What to produce – Quote word for word from the line holding "If I ever had" to the last line below, including both, and omit any pictures.
═══ Records for processing ═══
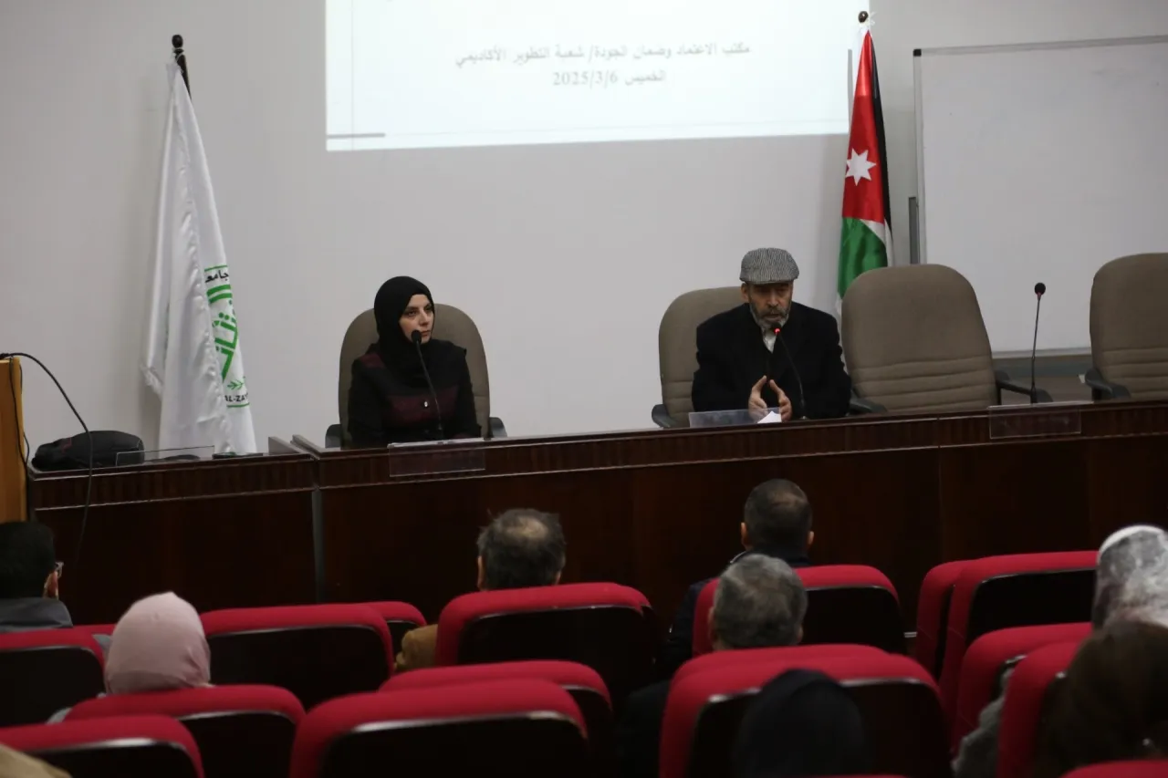 من جانبها، تناولت المهندسة أمل قاصد أحمد، نائب مدير المكتب ورئيس شعبة التطوير الأكاديمي، المحاور الرئيسية التي شملت معايير الاعتماد، المراحل اللازمة للحصول عليه، ومتطلبات كل مرحلة، بالإضافة إلى الأدلة والوثائق الداعمة. كما تناولت أهمية تقرير التقييم الذاتي والتوجيهات اللازمة لإعداده وفق دليل قياس المؤشرات للاعتماد الأردني والنماذج المعتمدة من قبل هيئة اعتماد مؤسسات التعليم العالي وضمان جودتها.
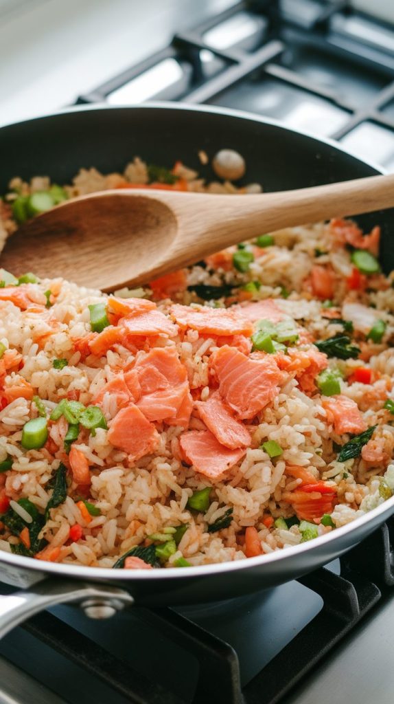 If I ever had a signature lazy-night dinner, this would be it. Salmon fried rice comes together in the time it takes to scroll through your notifications.
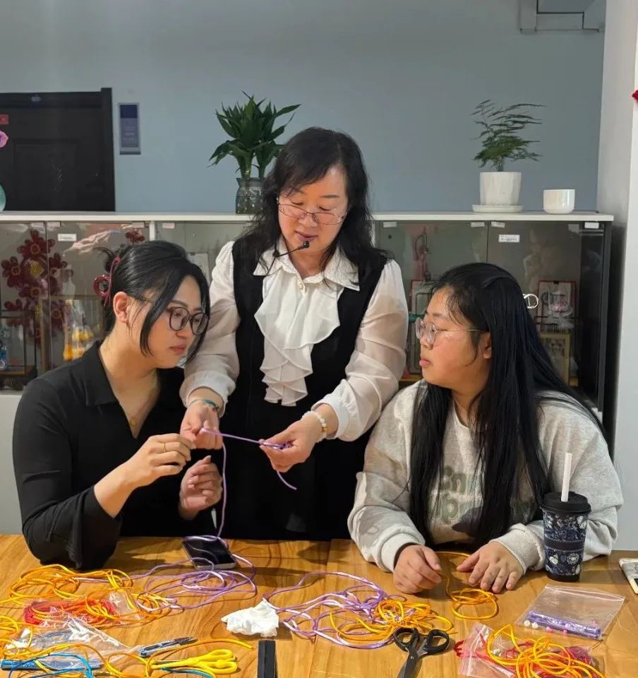 动手实践环节,于老师边演示边指导,不时俯身为学员们调整手势,细心为学员们答疑解惑,并鼓励大家要勇于创新,尝试非传统的色彩组合,让千年绳艺绽放青春光芒。
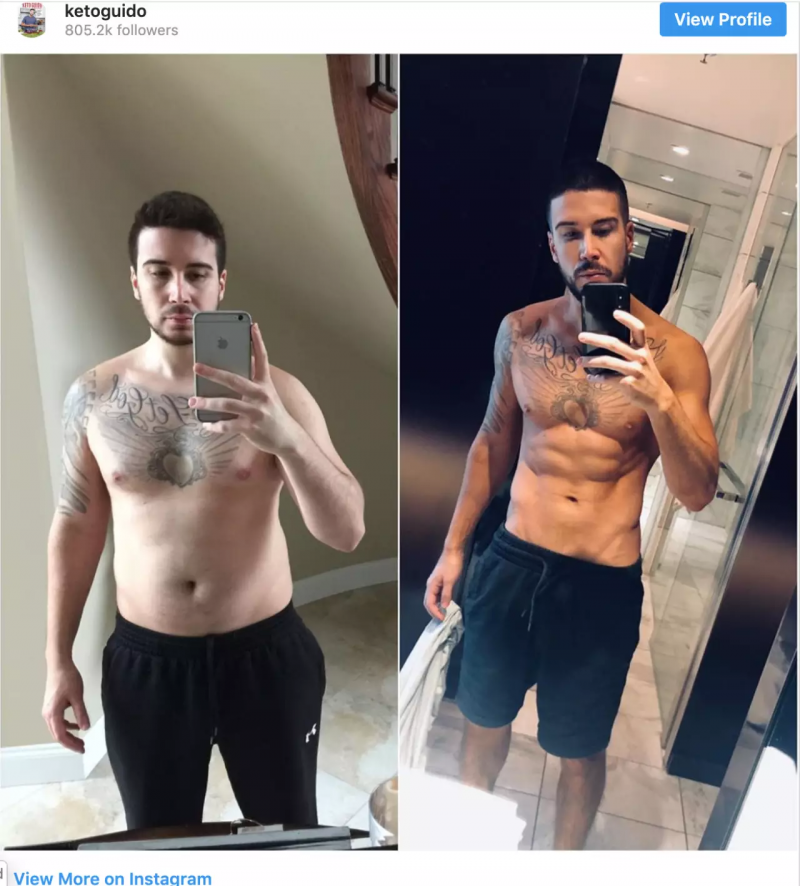 生酮饮食的快速风靡并非偶然。除了明星效应带来的流行趋势,这种颠覆传统饮食饮食结构,更像是一种「文化和社群认同」。比如Instagram上发起的 before & after 的话题,许多成功案例使得keto生酮饮食成为目前热门的饮食现象。
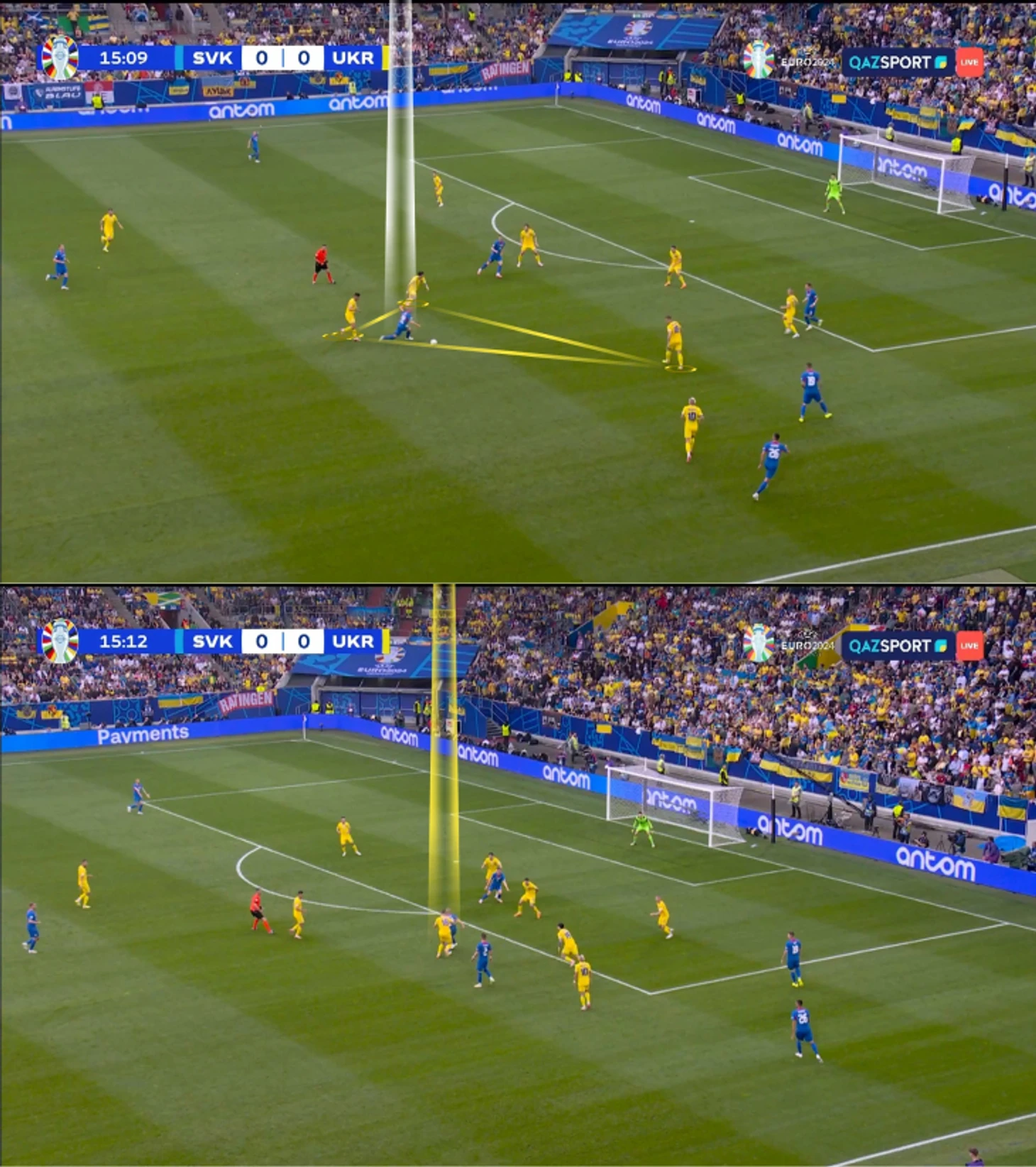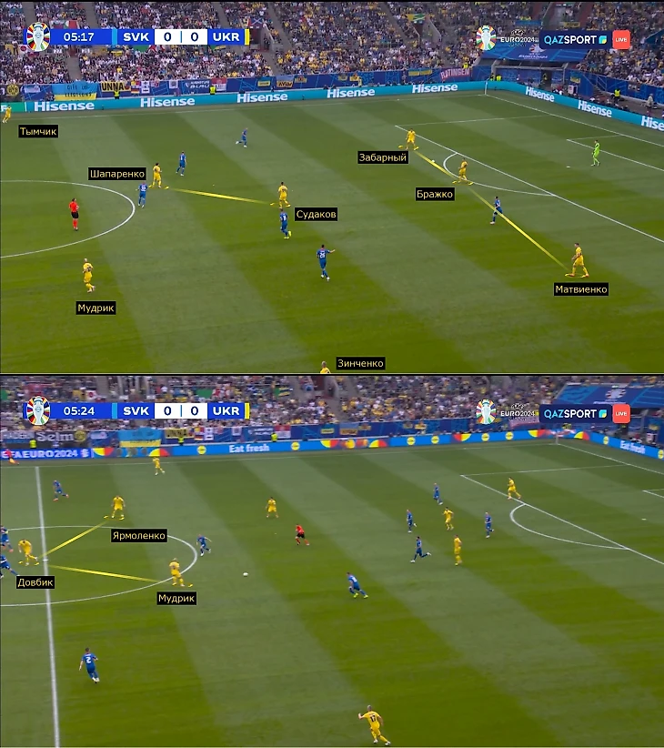 ● розыгрыши в середине. Словакия откатывалась, позволяла разыгрывать и контролировать мяч. Оттуда Украина выходила на фланги или играла в середине;
═══
Expected answer –
 If I ever had a signature lazy-night dinner, this would be it. Salmon fried rice comes together in the time it takes to scroll through your notifications.
 动手实践环节,于老师边演示边指导,不时俯身为学员们调整手势,细心为学员们答疑解惑,并鼓励大家要勇于创新,尝试非传统的色彩组合,让千年绳艺绽放青春光芒。
 生酮饮食的快速风靡并非偶然。除了明星效应带来的流行趋势,这种颠覆传统饮食饮食结构,更像是一种「文化和社群认同」。比如Instagram上发起的 before & after 的话题,许多成功案例使得keto生酮饮食成为目前热门的饮食现象。
 ● розыгрыши в середине. Словакия откатывалась, позволяла разыгрывать и контролировать мяч. Оттуда Украина выходила на фланги или играла в середине;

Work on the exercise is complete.